◆ **Exercise prompt**
The records are to be repeated exactly, and any images in them are to be dropped.

[Records contained in a dataset]
>>>>
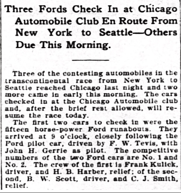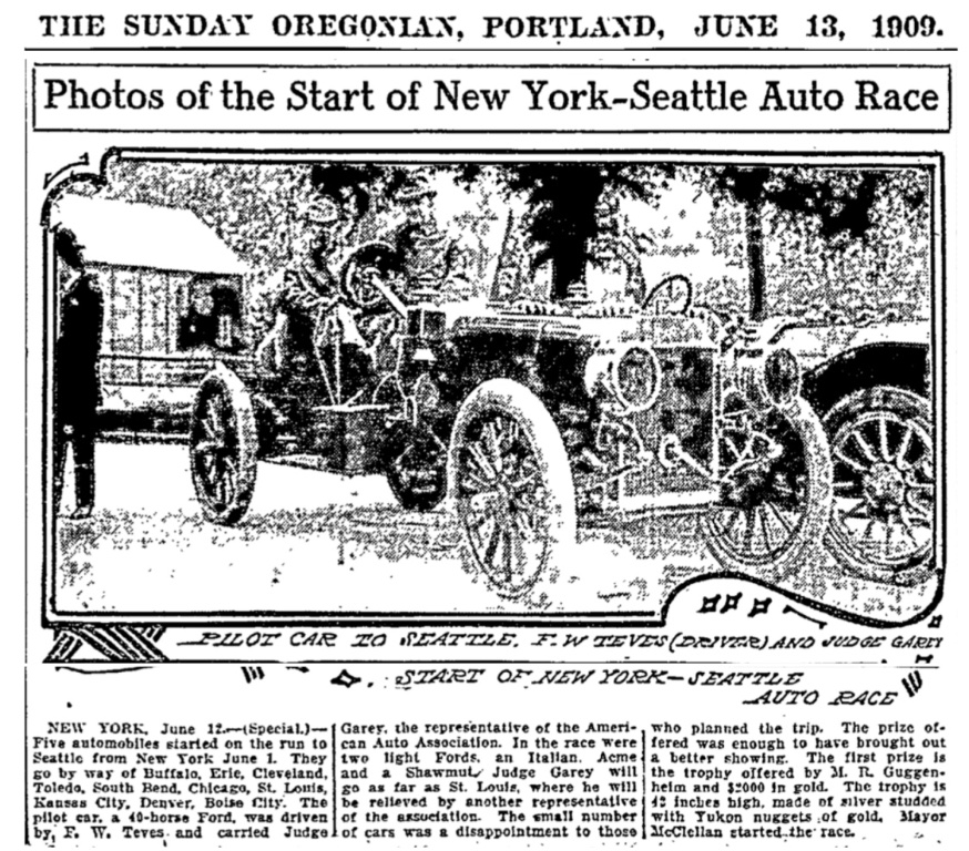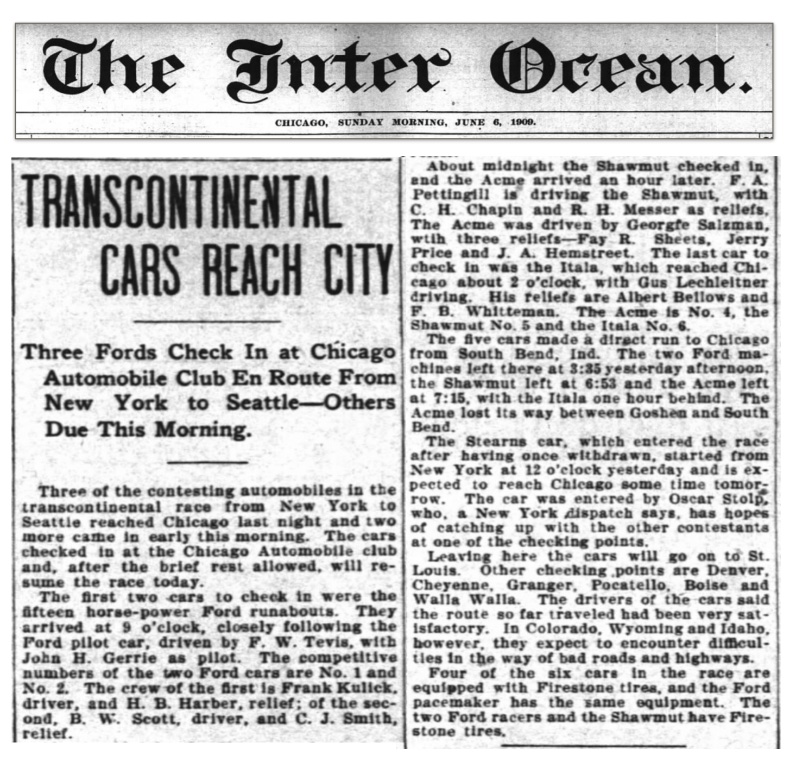 In the course of research, I've gathered up as many 1909 news clips as I could find (from hundreds of local and national newspapers, trade publications, and other sources) and tracked down more than 50 descendants of people involved in the race in one fashion or another, including relatives from all six crews (the two Fords, the Shawmut, the Acme, the Itala ... and the Stearns, which started late and only got as far as Tarrytown, NY) and several of Ford's corporate branch managers, who served as "fixers" in every sense of the word (arranging to have dealers and agents in their territory serve as expert local guides for the Model Ts, publicizing the Ford entries to the local press, and engaging in tactics that the Ford team deemed savvy "generalship," though the ACA officials who ruled in favor of Shawmut's appeal would later take a dimmer view).
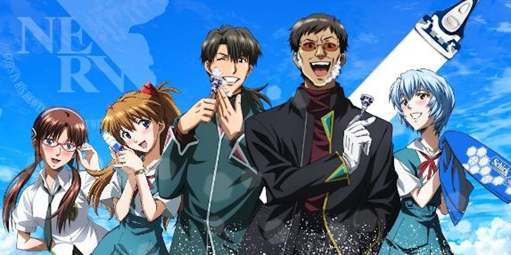 Este patrocinio quizá tendría sentido si Gendo se afeitara alguna vez en la serie, pero es todo lo contrario a su enfoque. Las maquinillas de afeitar tienen el mismo color que las unidades de EVA, e incluso hay accesorios y figuras con temática de EVA que pueden sostener las maquinillas de afeitar cuando no están en uso.
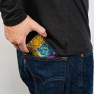 This awesome men's bi-fold wallet is made from premium vegan leather. It measures 4.0x3.5x0.5 Inches, and features the standard billfold, 5 card slots, and windowed ID holder. The logos are applied using advanced printing technologies, so the wallet will still look good after years of hard use. This product is made by Buckle-Down, Inc. and Officially Licensed by Wizards of the Coast.
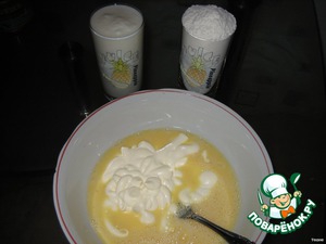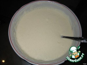 Замешиваем тесто. Для этого соединяем 3 яйца, майонез, кефир и муку. Солить не нужно, так как в майонезе и так достаточно соли.
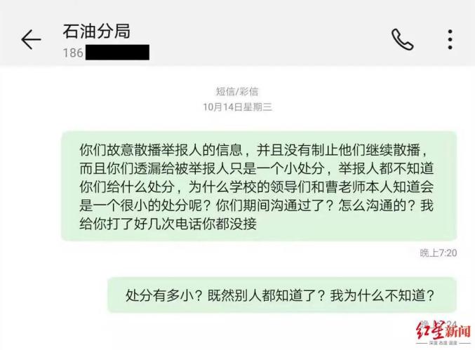 汪文月提供给红星新闻的,其质问教育局石油分局泄露自己举报人身份信息的短信此外,针对汪文月所说的被行政拘留及执法不公等问题,11月27日,红星新闻记者联系上冀中公安局霸西分局长安派出所。一接线民警表示,关于汪文月一事的相关情况他不便透露,但所有的案件他们都是按照法律规定在办理,“这个事的调查情况,建议与分局宣传部门联系。”
<<<<
◆ **Reply to the task**
 In the course of research, I've gathered up as many 1909 news clips as I could find (from hundreds of local and national newspapers, trade publications, and other sources) and tracked down more than 50 descendants of people involved in the race in one fashion or another, including relatives from all six crews (the two Fords, the Shawmut, the Acme, the Itala ... and the Stearns, which started late and only got as far as Tarrytown, NY) and several of Ford's corporate branch managers, who served as "fixers" in every sense of the word (arranging to have dealers and agents in their territory serve as expert local guides for the Model Ts, publicizing the Ford entries to the local press, and engaging in tactics that the Ford team deemed savvy "generalship," though the ACA officials who ruled in favor of Shawmut's appeal would later take a dimmer view).
 Este patrocinio quizá tendría sentido si Gendo se afeitara alguna vez en la serie, pero es todo lo contrario a su enfoque. Las maquinillas de afeitar tienen el mismo color que las unidades de EVA, e incluso hay accesorios y figuras con temática de EVA que pueden sostener las maquinillas de afeitar cuando no están en uso.
 This awesome men's bi-fold wallet is made from premium vegan leather. It measures 4.0x3.5x0.5 Inches, and features the standard billfold, 5 card slots, and windowed ID holder. The logos are applied using advanced printing technologies, so the wallet will still look good after years of hard use. This product is made by Buckle-Down, Inc. and Officially Licensed by Wizards of the Coast.
 Замешиваем тесто. Для этого соединяем 3 яйца, майонез, кефир и муку. Солить не нужно, так как в майонезе и так достаточно соли.
 汪文月提供给红星新闻的,其质问教育局石油分局泄露自己举报人身份信息的短信此外,针对汪文月所说的被行政拘留及执法不公等问题,11月27日,红星新闻记者联系上冀中公安局霸西分局长安派出所。一接线民警表示,关于汪文月一事的相关情况他不便透露,但所有的案件他们都是按照法律规定在办理,“这个事的调查情况,建议与分局宣传部门联系。”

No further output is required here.